Complexo por natureza, em razão da metodologia, a contagem dos votos das eleições dos Estados Unidos esbarrou, este ano, num complicador a mais: por conta da pandemia, os americanos começaram a votar semanas atrás e colocaram suas últimas cédulas nas urnas na noite de terça-feira. Em todo o país, de proporções continentais, os agentes eleitorais pedem paciência aos cidadãos. “Ir rápido é ótimo. Mas, preferimos ser exatos”, disse Gabriel Sterling, chefe das operações de votação na Geórgia, um estado do sudeste onde, no meio da tarde de ontem, restavam menos de 60 mil cédulas para serem contadas.

Nos Estados Unidos, a organização das eleições, com várias votações simultâneas (presidente, Congresso, cargos estatais, referendos...), fica a cargo das autoridades locais. As regras de votação e os métodos de contagem variam de estado para estado e, às vezes, de condado para condado. Em alguns lugares, os eleitores votam em urnas, embora a maioria dos estados prefira as cédulas, que permitem o controle a posteriori.

O eleitor pode inserir essas cédulas ele mesmo em uma máquina que as escaneia e registra sua escolha. Outra possibilidade é depositá-las nas urnas ou enviá-las pelo correio — nesse caso, geralmente, devem ser colocadas em dois envelopes para preservar a confidencialidade.

A contagem desses votos é mais longa, pois os agentes eleitorais devem, primeiro, verificar se atendem aos requisitos legais (assinaturas, data de envio, etc.). Eles, então, têm que abrir esses dois envelopes, achatar as cédulas, digitalizá-las e, se a máquina não puder lê-las, contá-las manualmente.

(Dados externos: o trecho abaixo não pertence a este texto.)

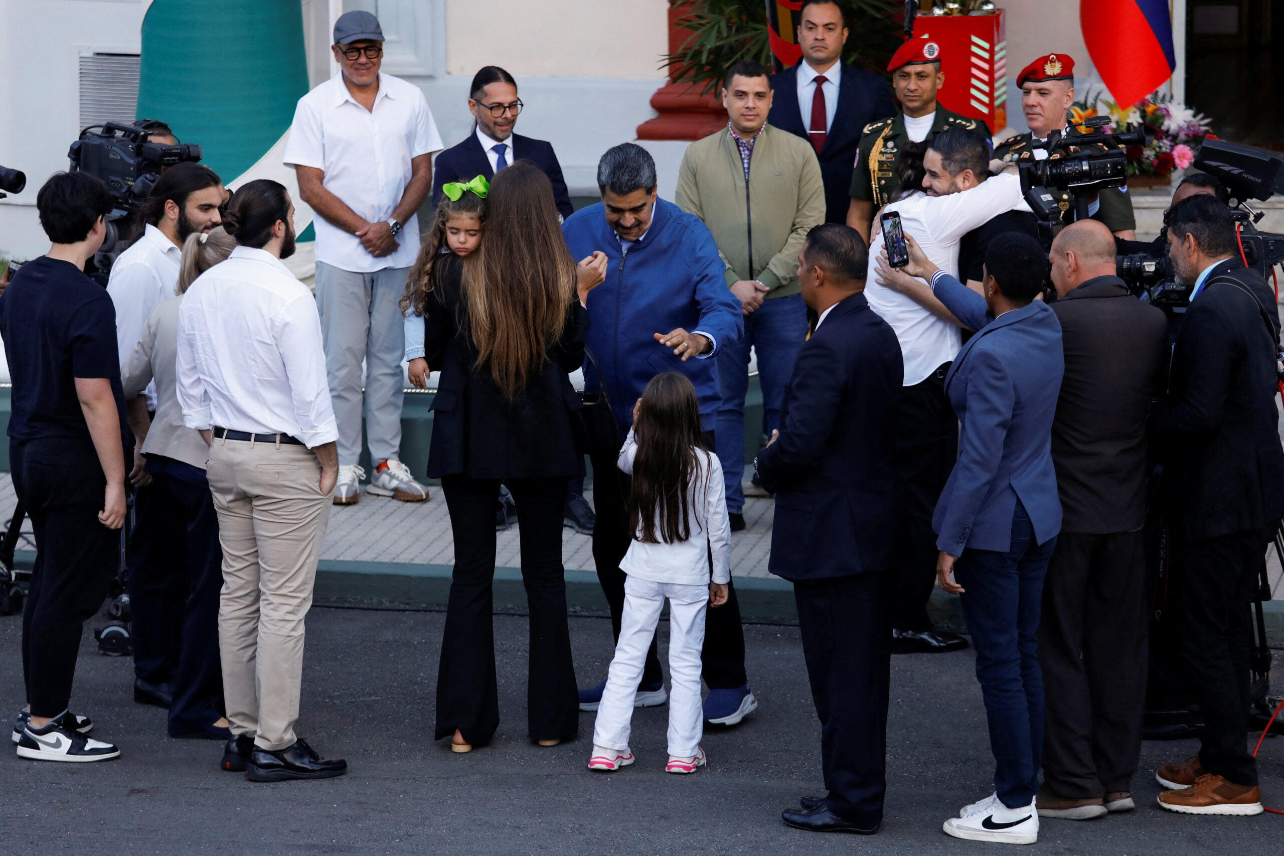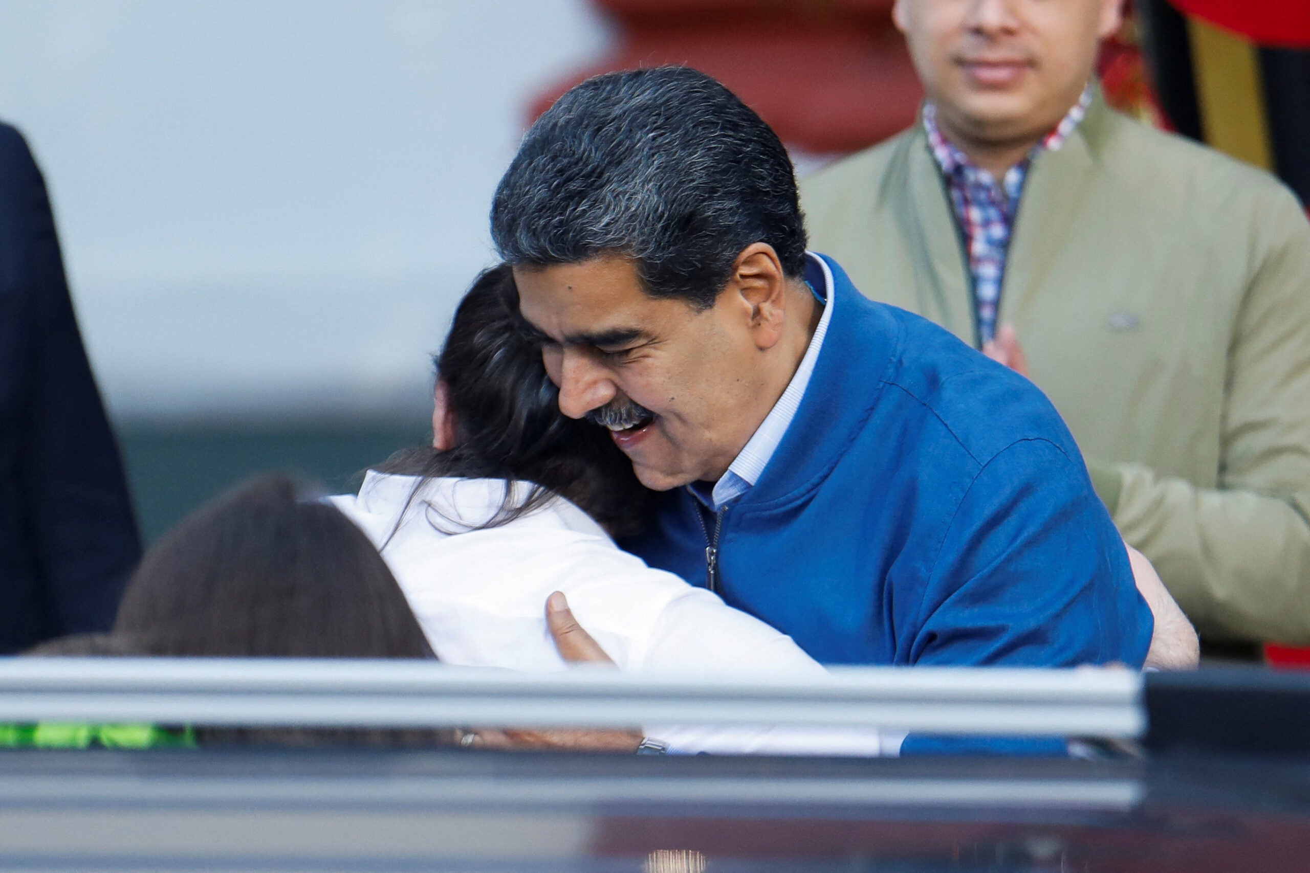 Desde Caracas celebraron la libertad de SaabMaduro y Saab se fundieron en un fuerte abrazo tras la llegada del barranquillero a MirafloresSaab llegó a Venezuela acompañado de su familiaMaduro se pronunció desde las afueras de Miraflores y mostró su satisfacción por la liberación de SaabEl barranquillero llegó en un carro blindado y en una camioneta negra junto a su familia al Palacio de Miraflores

Tudo isso requer uma logística enorme. Em um condado da Geórgia, o gerente de operações de votação disse, na quarta-feira, que seu maior problema era a falta de espaço para dispor as mesas necessárias para o trabalho dos que cortam os envelopes, extraem as cédulas e as achatam.

Este ano, com os efeitos da covid-19 no país, o mais atingido pela pandemia, as autoridades de muitos estados ampliaram a possibilidade de voto antecipado, ou pelo correio, para reduzir as filas de espera em 3 de novembro, que favoreceriam a contaminação pela covid-19. Mais de 100 milhões de eleitores fizeram uso dessa modalidade, um recorde histórico.

Alguns estados examinam essas cédulas, que demoram mais para serem recebidas. Mas, devido a disputas políticas locais, Pensilvânia, Wisconsin e Michigan tiveram que esperar o fechamento das urnas para começar a recontagem.

Pesa ainda, segundo a avaliação de analistas, o fato de que alguns desses estados mal haviam usado o voto por correio antes das eleições encerradas na última terça-feira. Na Pensilvânia, por exemplo, 2,6 milhões de cédulas foram enviadas pelo serviço postal, 10 vezes mais do que o normal. Sem contar que vários estados autorizam a contagem dos votos enviados até o último momento do pleito, mesmo que cheguem três dias depois (Pensilvânia) ou em até nove (Carolina do Norte).

Falhas técnicas
Deixando de lado os problemas com computadores, a falta de cartuchos de tinta ou os apagões ocorridos na terça-feira, várias falhas técnicas levaram a atrasos na contagem. Na Carolina do Sul, um erro de impressão retardou a contagem de 14,6 mil votos porque uma marca no topo das cédulas não era grande o suficiente para ativar os scanners, informou a CNN.

No condado de Allegheny, na Pensilvânia, onde cerca de 30 mil votos permanecem pendentes de contagem, as operações foram suspensas ontem, gerando indignação. Algumas pessoas acusaram os agentes de terem tirado um dia de folga, mas, segundo um jornalista local, a interrupção se deve ao envio aos eleitores de cédulas com erros e depois versões corrigidas. Isso obriga a revisão manual dos votos, e o código eleitoral local exige que essa operação seja feita por agentes juramentados, que farão isso hoje.